Saved entries:
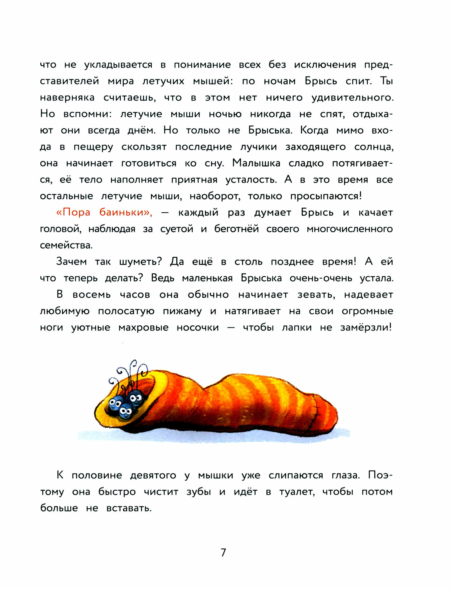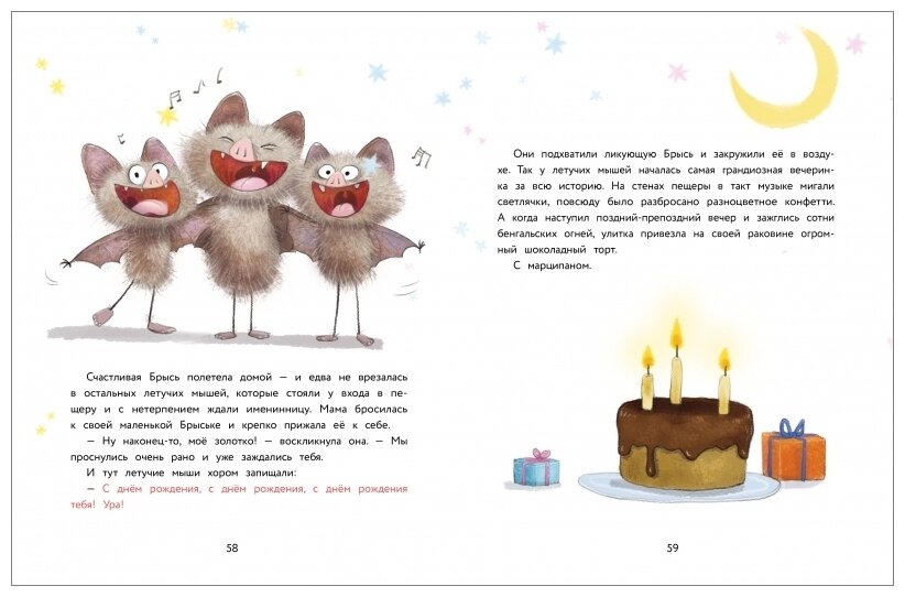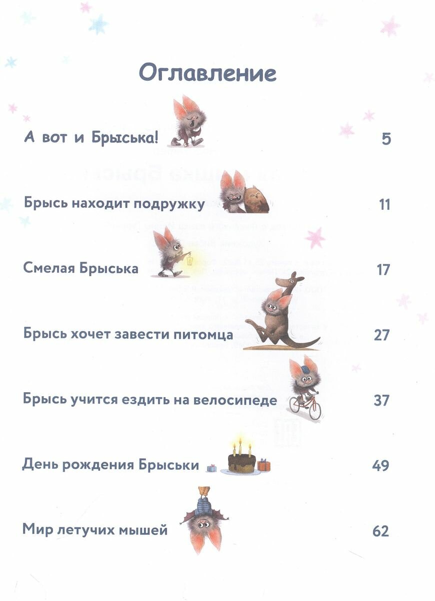 Познакомьтесь - эту летучую мышку зовут Брысь! Все её сородичи ведут ночной образ жизни, но только не эта милая малышка. Брыська считает, что нужно спать ночью, а не днём. Ведь днём происходит всё самое интересное: можно завести друзей, покататься на велосипеде или отпраздновать день рождения!
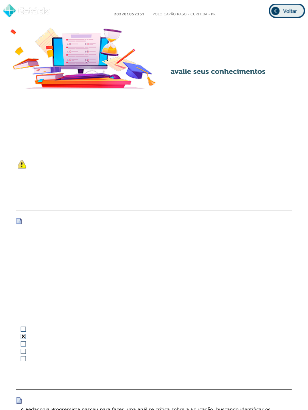 2. Caso você queira voltar à prova clique no botão "Retornar à Avaliação".
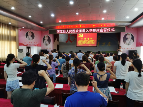 重温一次入党誓词。组织新老党员集中重温入党誓词,再一次接受入党誓词的洗礼,促进党员不忘为民服务初心,勇担守护健康使命,坚定信心,奋发有为,以实际行动恪守对党的承诺,立足本职争当先锋,为医院的建设和发展贡献自己的力量。
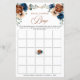 Elegant Navy blue, Terracotta, Oranje oortige bloemige vrijgezellenfeest bingo met een elegant bouquet van Navy blue, Terracotta kleur rozen pinda's en groene eucalyptusbladeren. Neem contact met mij op voor hulp bij aanpassingen of als u een ander product nodig hebt met dit ontwerp.
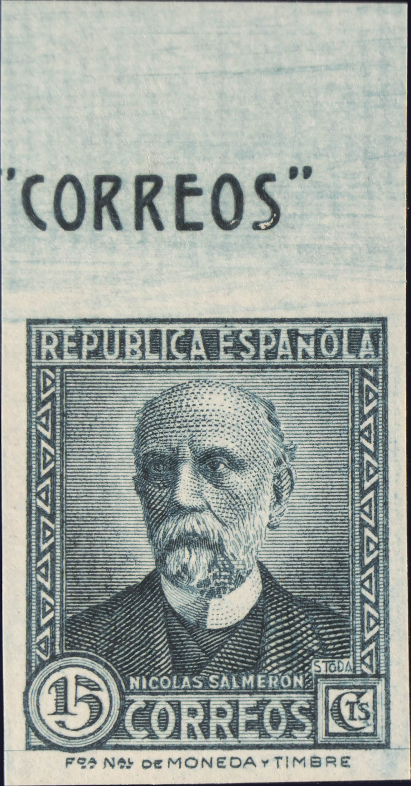 ★★ 665s. 1932. 15 cts verde gris, borde de hoja. SIN DENTAR. MAGNIFICO. Edifil 2020: +12,5 Euros
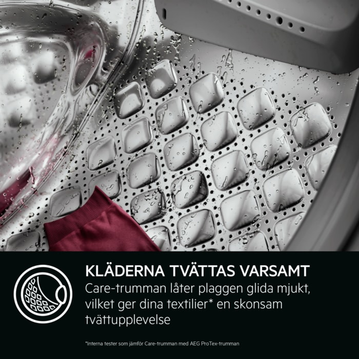 *Interna tester som jämför Care-trumman med AEG ProTex-trumman.
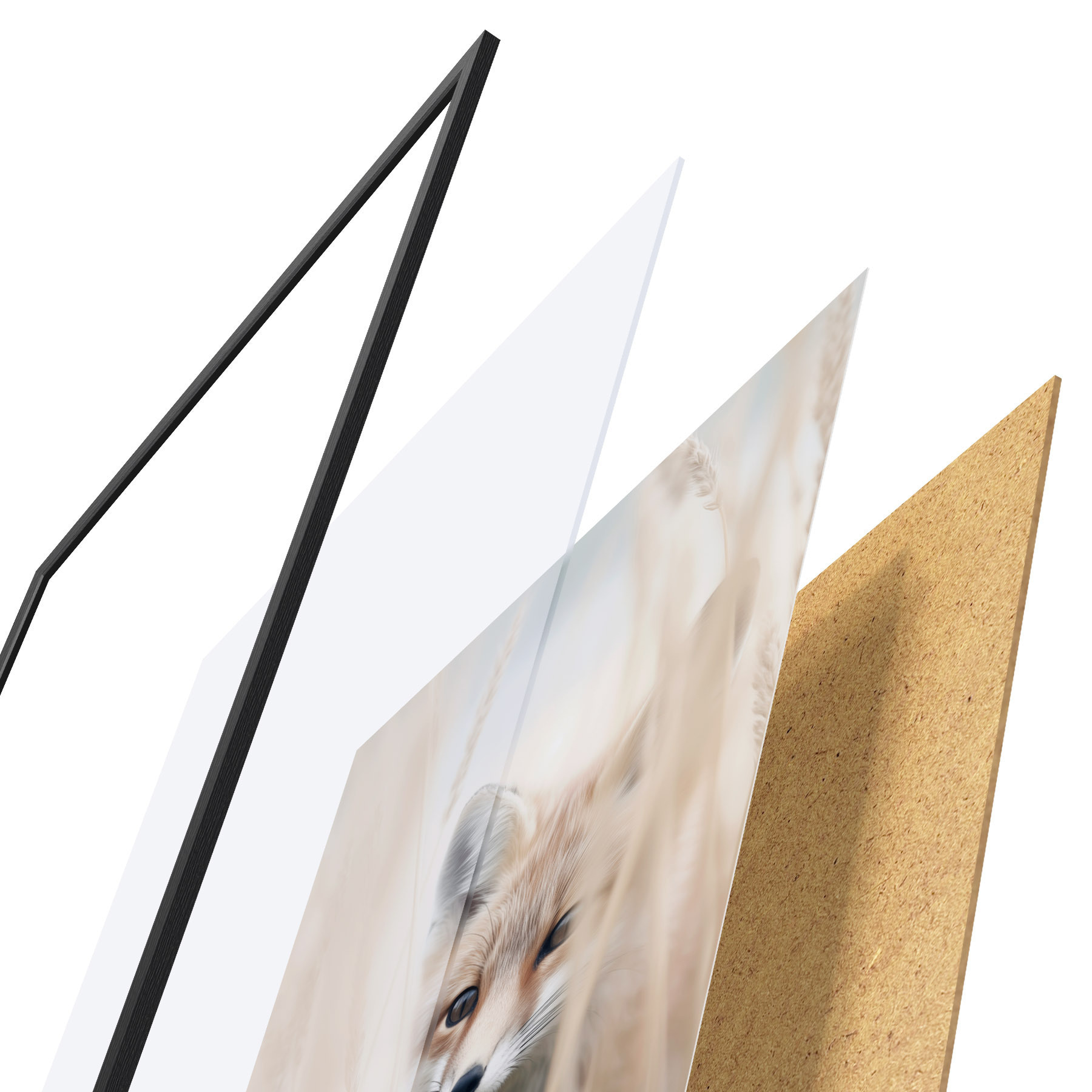 El póster consta de marco, plexiglás, imagen impresa y soporte de aglomerado. El póster puede colgarse inmediatamente en la pared gracias a los soportes de la parte posterior.
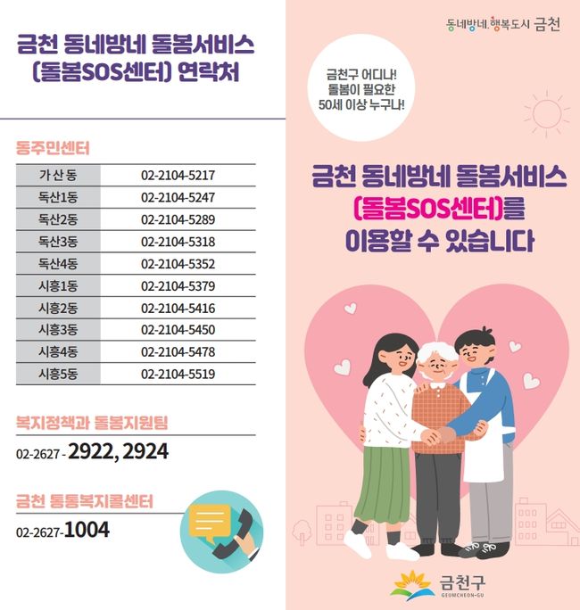 ‘금천 동네방네 돌봄서비스(돌봄SOS센터)’는 가족돌봄 기능의 약화로 생기는 돌봄 사각지대를 최소화하고자 2020년 8월부터 추진해온 사업이며, 갑작스러운 질병, 사고 등으로 긴급한 돌봄이 필요한 50세 이상 중장년·어르신, 장애인을 대상으로 한다.
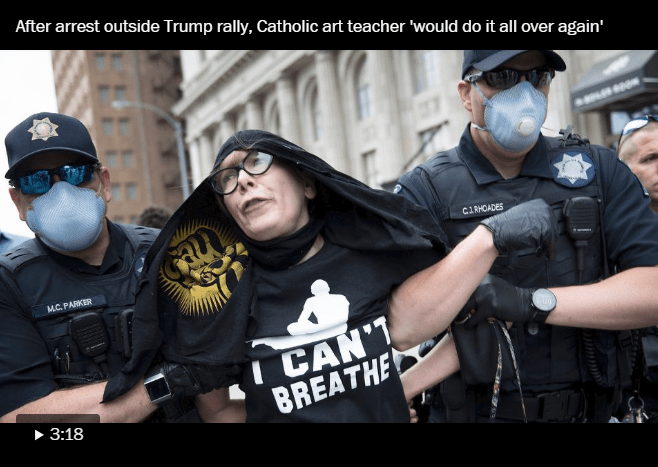 A little after noon on Saturday, she showed her ticket to police and stepped into the outdoor area cordoned off for the event. When knelt down to pray, she was asked to leave. When she refused, she was arrested at the request of the Trump campaign.

Goal of the exercise → What is needed here is an exact transcript of the data above, pictures excluded.

Exercise output →
 Познакомьтесь - эту летучую мышку зовут Брысь! Все её сородичи ведут ночной образ жизни, но только не эта милая малышка. Брыська считает, что нужно спать ночью, а не днём. Ведь днём происходит всё самое интересное: можно завести друзей, покататься на велосипеде или отпраздновать день рождения!
 2. Caso você queira voltar à prova clique no botão "Retornar à Avaliação".
 重温一次入党誓词。组织新老党员集中重温入党誓词,再一次接受入党誓词的洗礼,促进党员不忘为民服务初心,勇担守护健康使命,坚定信心,奋发有为,以实际行动恪守对党的承诺,立足本职争当先锋,为医院的建设和发展贡献自己的力量。
 Elegant Navy blue, Terracotta, Oranje oortige bloemige vrijgezellenfeest bingo met een elegant bouquet van Navy blue, Terracotta kleur rozen pinda's en groene eucalyptusbladeren. Neem contact met mij op voor hulp bij aanpassingen of als u een ander product nodig hebt met dit ontwerp.
 ★★ 665s. 1932. 15 cts verde gris, borde de hoja. SIN DENTAR. MAGNIFICO. Edifil 2020: +12,5 Euros
 *Interna tester som jämför Care-trumman med AEG ProTex-trumman.
 El póster consta de marco, plexiglás, imagen impresa y soporte de aglomerado. El póster puede colgarse inmediatamente en la pared gracias a los soportes de la parte posterior.
 ‘금천 동네방네 돌봄서비스(돌봄SOS센터)’는 가족돌봄 기능의 약화로 생기는 돌봄 사각지대를 최소화하고자 2020년 8월부터 추진해온 사업이며, 갑작스러운 질병, 사고 등으로 긴급한 돌봄이 필요한 50세 이상 중장년·어르신, 장애인을 대상으로 한다.
 A little after noon on Saturday, she showed her ticket to police and stepped into the outdoor area cordoned off for the event. When knelt down to pray, she was asked to leave. When she refused, she was arrested at the request of the Trump campaign.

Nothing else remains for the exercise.